Dans son projet de règlement, l’AMF s’attend à ce qu’un cabinet puisse «suspendre ou mettre fin automatiquement à une action initiée sur la plateforme lorsque le produit ne convient pas aux besoins du client». Une intervenante s’est alors demandé comment un logiciel pourrait y arriver seul.

«Si un cabinet souhaite effectuer une transaction 100 % automatisée, il devra démontrer que la machine peut arriver à la conclusion, a expliqué Mylène Sabourin. On n’exige pas que ce soit une personne physique qui fasse l’analyse.» On comprend ici que le régulateur ne ferme pas la porte à des technologies qui pourront atteindre ces objectifs, la réglementation se voulant neutre technologiquement.

Les membres du personnel de l’AMF ont également souligné que toutes les lois applicables au Québec continuent de s’appliquer. «Nous ne sommes pas venues répéter des obligations qui existent déjà», a noté Mylène Sabourin.

Partage de responsabilité

Lors de la séance d’information, Mylène Sabourin a expliqué que la responsabilité du représentant et celle du cabinet seraient partagées entre autres en fonction du «niveau d’intervention du représentant» dans la transaction. Il faudrait évaluer la situation au cas par cas. «Oui, l’intervention du représentant peut être simple, mais si elle a une incidence [importante sur la transaction], sa responsabilité pourrait malgré tout être engagée.»

C’est pourquoi l’AMF exige des cabinets qu’ils conservent la traçabilité d’une transaction afin de savoir qui a fait quoi et qui a dit quoi. «Il va de soi que même si un client doit répondre à une question ponctuelle, [le cabinet] est soumis à son code de déontologie et doit agir avec la compétence qu’il a», a précisé Mélissa Perreault.

Un des intervenants a par ailleurs souligné qu’il est ridicule que des assureurs qui vendent actuellement de l’assurance en ligne puissent bénéficier d’un encadrement réglementaire allégé jusqu’à l’entrée en vigueur du règlement, prévue le 13 juin 2019.

L’AMF est au courant de la situation, a indiqué Isabelle Déry, du Service de la distribution sans représentant et des pratiques professionnelles à l’AMF : «Il ne faut pas oublier que l’Autorité les surveille et a comme mission de voir à la protection du consommateur.»

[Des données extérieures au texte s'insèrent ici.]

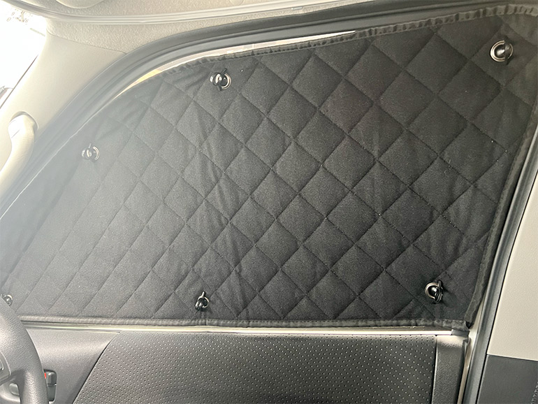 冬の車中泊でまず一番に用意したいのが、窓を覆うサンシェードです。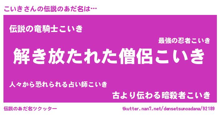 | 意味不明あだ名 | 『とにかく怪しいこいき』 |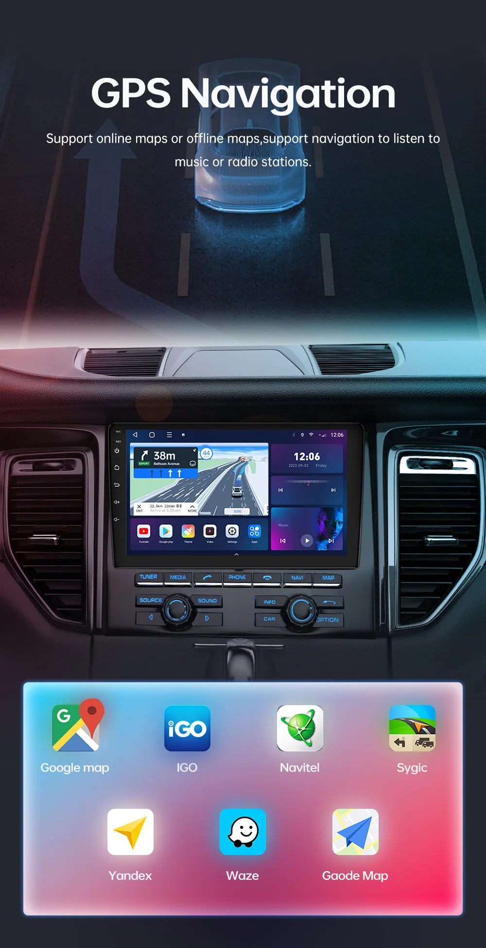 2. The radio of CARTAOTAO can install navigation applications such as IGO or Sygic or yandex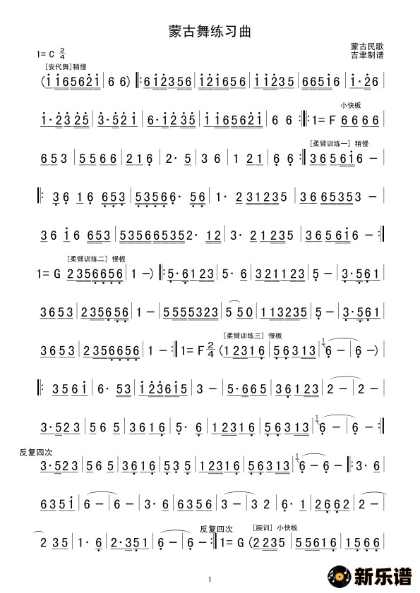 演唱的蒙古舞练习曲歌词,蒙古舞练习曲简谱.

«S’il y avait un flou [dans l’encadrement réglementaire], il n’y en aura plus le 13 juin 2019», a soutenu Mylène Sabourin.

Défis pour les applications mobiles

Le projet de règlement touche la distribution de toutes les formes d’assurances, y compris les contrats de rentes, comme les fonds distincts ou les rentes viagères. Le cadre proposé risque de constituer des défis technologiques, puisqu’il s’appliquera à toutes les technologies, y compris les applications mobiles.

En effet, certains renseignements devront être visibles par le client «en tout temps», même sur un petit écran. Parmi ceux-ci, on note «le moyen de solliciter l’intervention d’un représentant», étant donné que «l’exigence qu’un représentant du cabinet puisse agir en temps utile auprès du client qui en exprime le besoin est un élément clé du cadre de protection des consommateurs».

Les renseignements relatifs à l’identification du cabinet, à la validation de son inscription auprès de l’AMF et à la formulation d’une plainte devront aussi être visibles en tout temps.

L’emploi du terme «visible» dans la réglementation proposée semble volontaire et exclut ainsi la souscription d’assurance par commande vocale. «On n’a pas franchi le pas qui aurait permis toute forme artistique. On considère ainsi mieux protéger le consommateur, a noté Mélissa Perreault. C’est prévu que les renseignements soient visibles et non audibles.»

La séance d’information a par ailleurs permis de constater que le projet de règlement pourrait soulever des enjeux de concurrence entre assureurs. En effet, selon la question d’un intervenant, on comprend que certains assureurs pourraient être réticents à dévoiler la définition de certains avenants exclusifs. Rappelons que le projet de règlement propose que «soit disponible en tout temps un spécimen des polices afférentes aux produits offerts par un cabinet par l’entremise de sa plateforme».